Peters Valley: Present reacts to the past twenty years of ceramic programming at Peters Valley School of Craft. Inspired by the school’s summer-class catalogs that offer many approaches to the medium, this exhibition appreciates a myriad of ceramic-making methods. 29 artists who have instructed at the craft school in the past two decades are in assembly, presenting a survey of work across claybodies, firing techniques, surface treatments, and concepts.
Artists include Posey Bacopoulos, Mary Barringer, Bennett Bean, Jerry Bennett, Ashwini Bhat, Cory Brown, Bruce Dehnert, John Dix, Sin-ying Ho, James Lawton, David MacDonald, Andrea Marquis, Leigh Taylor Mickelson, Maureen Mills, Malcolm Mobutu Smith, Dan Molyneux, Kristin Muller, Seth Nagelberg, Fred Olsen, Lisa Orr, Shiro Otani, Aysha Peltz, Doug Peltzman, Angelica Pozo, Brenda Quinn, Seth Rainville, Kevin Rohde, Jeff Shapiro, and Paul Andrew Wandless.

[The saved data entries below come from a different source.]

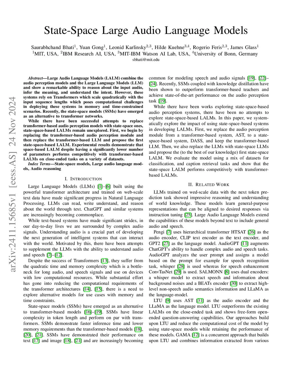 Large Audio Language Models (LALM) combine the audio perception models and the Large Language Models (LLM) and show a remarkable ability to reason about the input audio, infer the meaning, and understand the intent. However, these systems rely on Transformers which scale quadratically with the input sequence lengths which poses computational challenges in deploying these systems in memory and time-constrained scenarios. Recently, the state-space models (SSMs) have emerged as an alternative to transformer networks. While there have been successful attempts to replace transformer-based audio perception models with state-space ones, state-space-based LALMs remain unexplored. First, we begin by replacing the transformer-based audio perception module and then replace the transformer-based LLM and propose the first state-space-based LALM. Experimental results demonstrate that space-based LALM despite having a significantly lower number of parameters performs competitively with transformer-based LALMs on close-ended tasks on a variety of datasets.
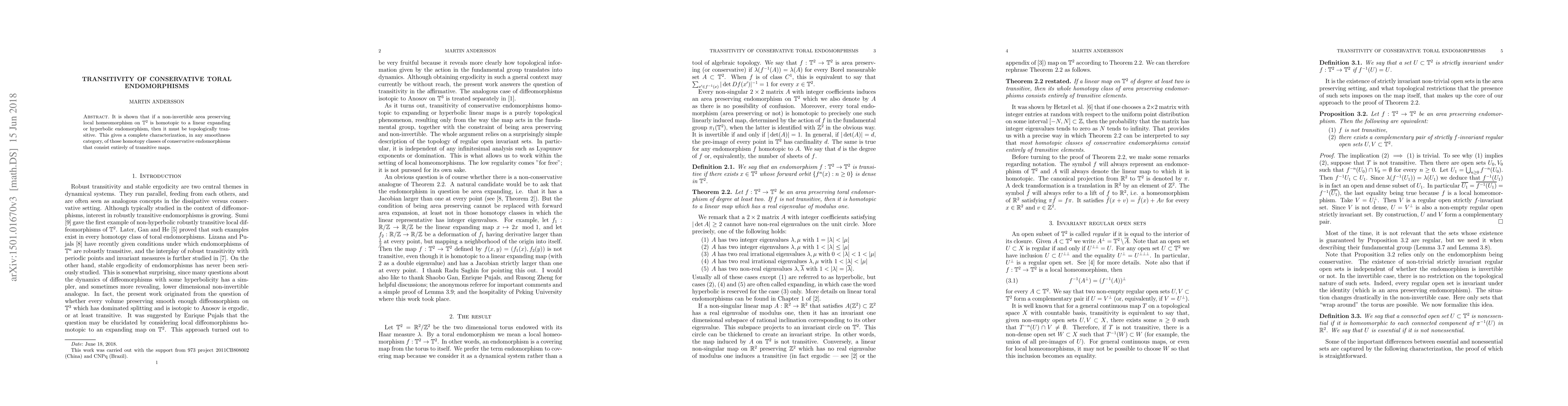 The work extends previous results by offering a complete characterization of transitive conservative endomorphisms on the 2-torus, incorporating probabilistic methods to demonstrate the prevalence of transitive homotopy classes.
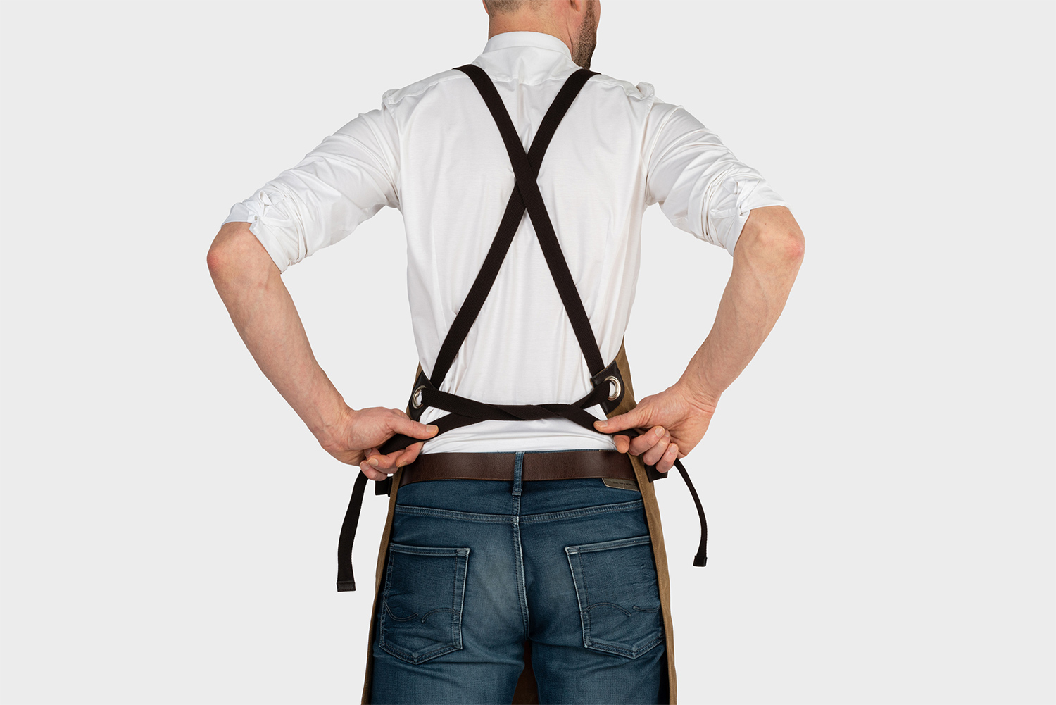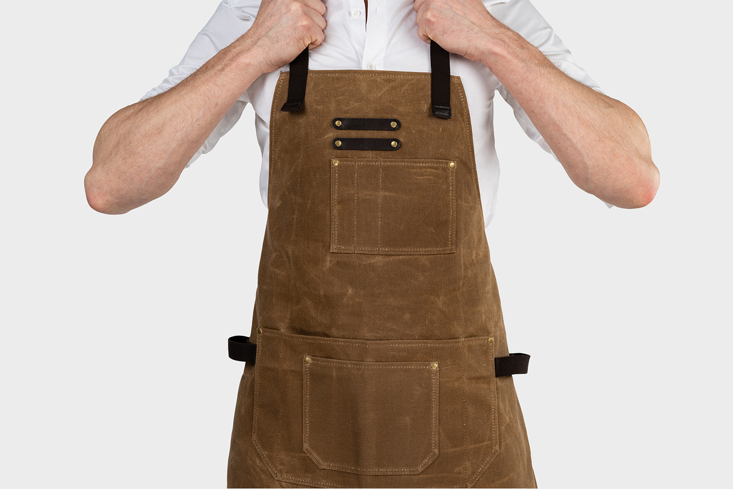 Gewachste Baumwolle, Rückenträger individuell verstellbare Webbänder, vorne mit aufgesetzten Taschen, Schlaufen an den Seiten, Akzente in Lederimitat.

Curated by Carolyn E. Herrera-Perez. View the exhibition here.
“Peters Valley: Present reacts to the last two decades of ceramic programming designed by Peters Valley Ceramics Head and artist, Bruce Dehnert. Inspired by the school’s summer-course offerings and catalogs that share many approaches to the medium, this exhibition appreciates a myriad of ceramic-making methods. 29 artists who have instructed at the craft school in the past two decades are in assembly, displaying a survey of work across clay bodies, firing techniques, surface treatments, and concepts.
This exhibition was to be held in Richmond, Virginia concurrent with the National Council on Education for the Ceramic Arts conference, an event where many ceramists convene away from home. To keep all safe during the first approaches of this pandemic, the NCECA conference was cancelled and the exhibition was postponed.
Originally, the choice of the exhibition title, Peters Valley: Present felt clever; what with its association to place, time, one’s response to an attendance rollcall, and even the feeling of being engrossed when in the ceramic studio. Now, the show convenes in a different way- not in a physical space but in a digital one. And, despite the associations that one may glean from working with such a tactile, traditional, or hands-on material, many of us ceramists find ourselves meeting and interacting with each other in new digital modes. Like so, the online adaption of Peters Valley: Present has leant new opportunities and meaning to this exhibition. It has invited more folks to interact with the show- much more than what was possible for the original three-day exhibition.
While we look forward to seeing one another again, in-person and on campus; this time has also offered a feeling that being present is not just about the physical presence. Instead, being socially apart can be a compassionate and communal act, offering us new ways to stay connected until the future.”